Doug Frood, associate vice president for Financial Administration, and Jackie Rose, Manager of the Village Market, responded to criticism about the limited meal plan produce in emails, stating that the fresh produce options have to do with sales tax exemptions.

“The state of Tennessee exempts university meal plans from state sales tax,” Frood wrote. “Ten or more years ago, the café had a selection of produce and single serve items that fit under the exemption of the meal plan. When we remodeled we decided to move these items under the purview of the VM. By limiting the items to single serve and such we were trying not to run afoul of the state sales tax rules.

“We could let the students buy more stuff from the VM, but it would need to be sales taxable since the exemption is more about prepared food,” Frood added. “ … Most schools don’t have a VM as a part of their meal plan. We have tried to find balance between the hot meal (prepared) side of the meal plan and groceries.”

Regarding caffeinated teas, Rose wrote: “The caffeine content in tea is very low like chocolate. If we went totally caffeine-free we would have to take all chocolate products out of the store.”

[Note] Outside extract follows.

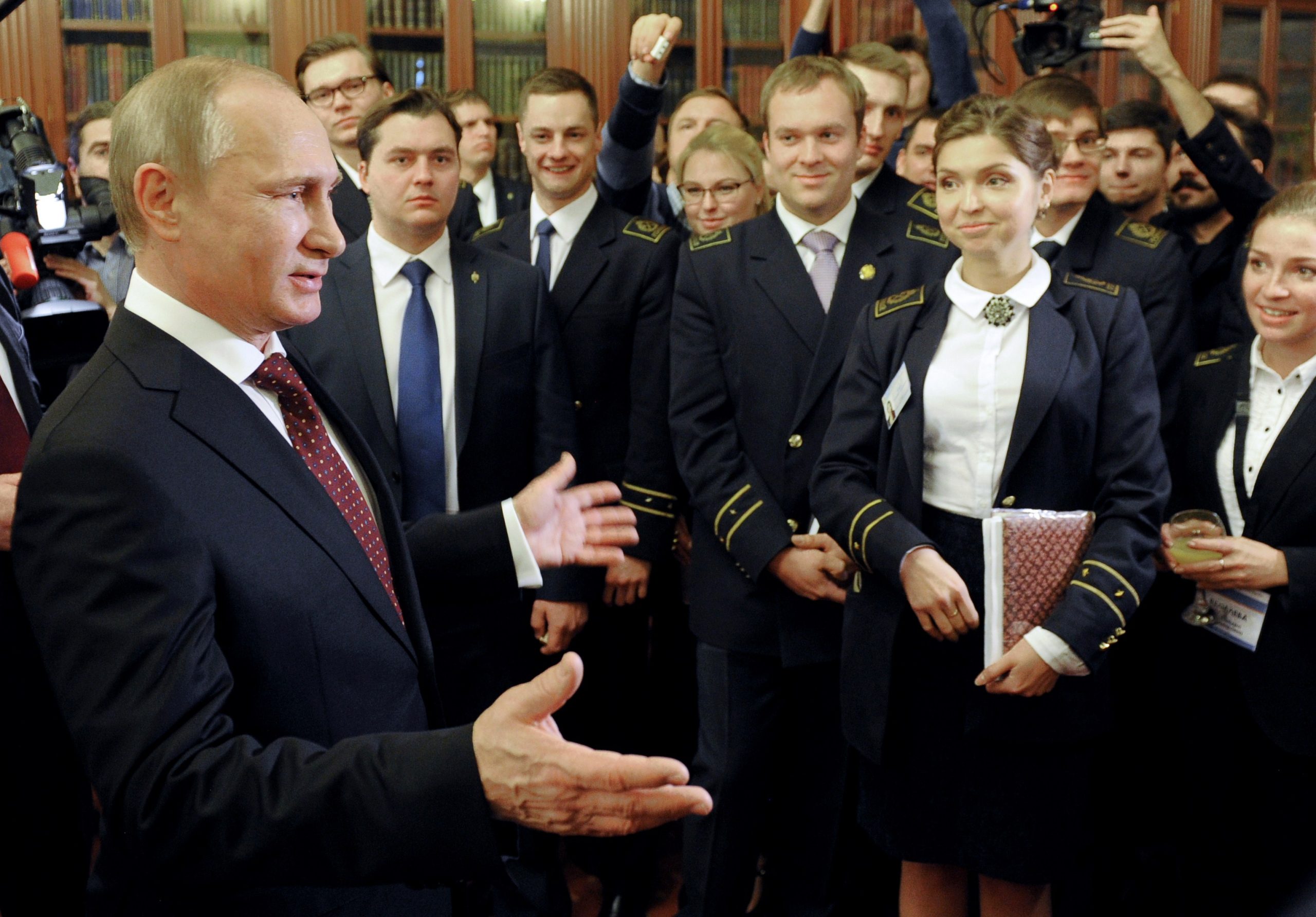 Russian President Vladimir Putin (L) meets with students at the Gornyy National Mineral Resources University in St. Petersburg on January 26, 2015. President Vladimir Putin sharply ramped up his anti-Western rhetoric on January 26, 2015, accusing the Ukrainian army of being "NATO's foreign legion" whose main purpose was to contain Russia. AFP PHOTO / RIA NOVOSTI / MIKHAIL KLIMENTYEV

Still, students are faced with a choice. Do we eat at the cafeteria, CK2, The Garden or the Deli and have our food quality decided for us? Or do we spend additional funds, if we have any, to buy organic, non-GMO, fresh, bulk produce?

While I respect that Southern has provided several options for its students and has put time and effort into providing cultural and diverse cuisine, students’ food choices should not be limited, especially when it results in making nutrition-deficient snacks more available and easier to purchase than produce.

In my opinion, the health message is being compromised by restricting students’ access to healthy foods like fresh produce and staple foods like bread.